News and Tribune

Election 2010

November 3, 2010

Snelling takes Clark County Auditor’s race

Former Republican councilman defeats Democrat Caldwell

CLARK COUNTY — In a sweeping change in Clark County offices, the Republicans took the house.

The auditor’s office was one office in the trend, with Republican R. Monty Snelling, 58, winning with 17,481 votes, or 54.3 percent, over Democrat Janis Caldwell, 49, who claimed 14,696 votes, or 45.7 percent.

Snelling will replace Clark County Auditor Keith Groth, who is retiring at the end of the year. He will take control of a county office that has recently been hit with poor audit reports from the State Board of Accounts, which was also part of the reason Snelling said he decided to run.

“We’ve got a lot of work ahead of us, but we’ll keep every promise we made,” Snelling said after giving his acceptance speech.

He added that he would not have been able to win the office without the Democratic support he received.

“I want to thank my Democratic friends because we had a lot of Democratic support,” he said. “I’ve got so many Democrat friends that voted for me — that had to put me over the top.”

While Snelling did not say he was surprised by the result, like many Republicans Tuesday, he was surprised by the total numbers that were returned.

“I’m shocked that we won by as much as we did,” he said. “It’s time to make them wake up.
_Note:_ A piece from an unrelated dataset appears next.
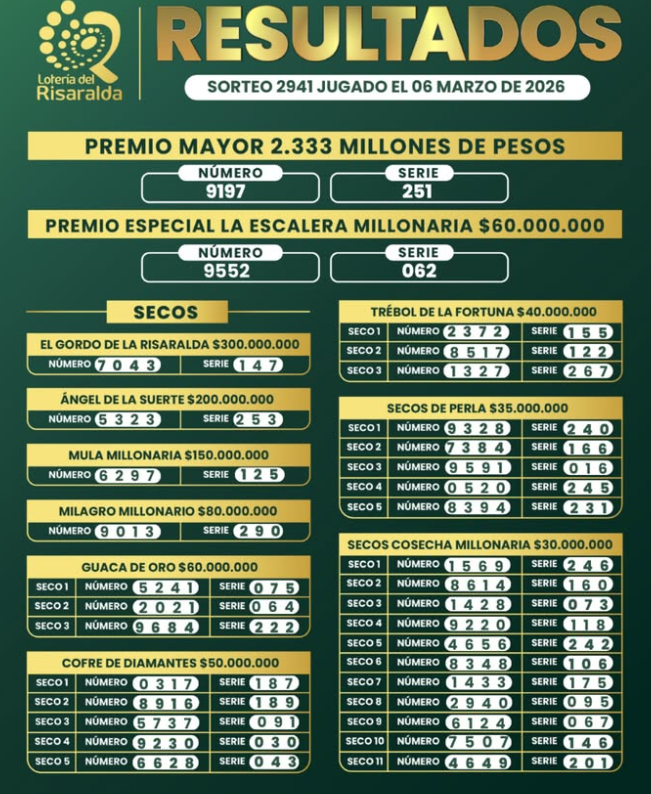 Este es el resultado de la Lotería de Medellín, la de Risaralda y la de Santander para el viernes 6 de MARZO de 2026, con noticias millonarias para los jugadores.
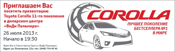 Приглашаем всех желающих посетить торжественную презентацию Toyota Corolla 11-го поколения, которая состоится 26 июля 2013 г. в Тойота Центр Одесса «ВиДи Пальмира». Приходите и встречайте с нами лучшее поколение самого популярного автомобиля в мире!.

Now we got to do what we said we were going to do.”

The first thing Snelling plans on doing when he takes over the auditor’s office is to conduct a top-to-bottom review.

“I want to have an audit done to make sure all of the books are straight as soon as possible,” he said.

He also plans to keep his promise to hire a Certified Public Accountant that has experience working with county budgets.

“I’ll make room for them in my own budget like I promised, without costing the taxpayers,” Snelling said of the CPA.

There are no plans to go into the auditor’s office and clean house, but Snelling said he did want to do a job study on the employees in the office make sure they were being used as efficiently as possible.

“We just have to run the office like we told the taxpayers we would and that’s what I’m going to do,” he said.

When asked if he believes he will be able to achieve his goals and also work with Democrats. Snelling assured he would.

“I think all of them feel the same way I do,” he said. “Once you go into a meeting you don’t worry about the party, you worry about the taxpayer.”

Multiple calls made to Caldwell’s home were not returned as of press time.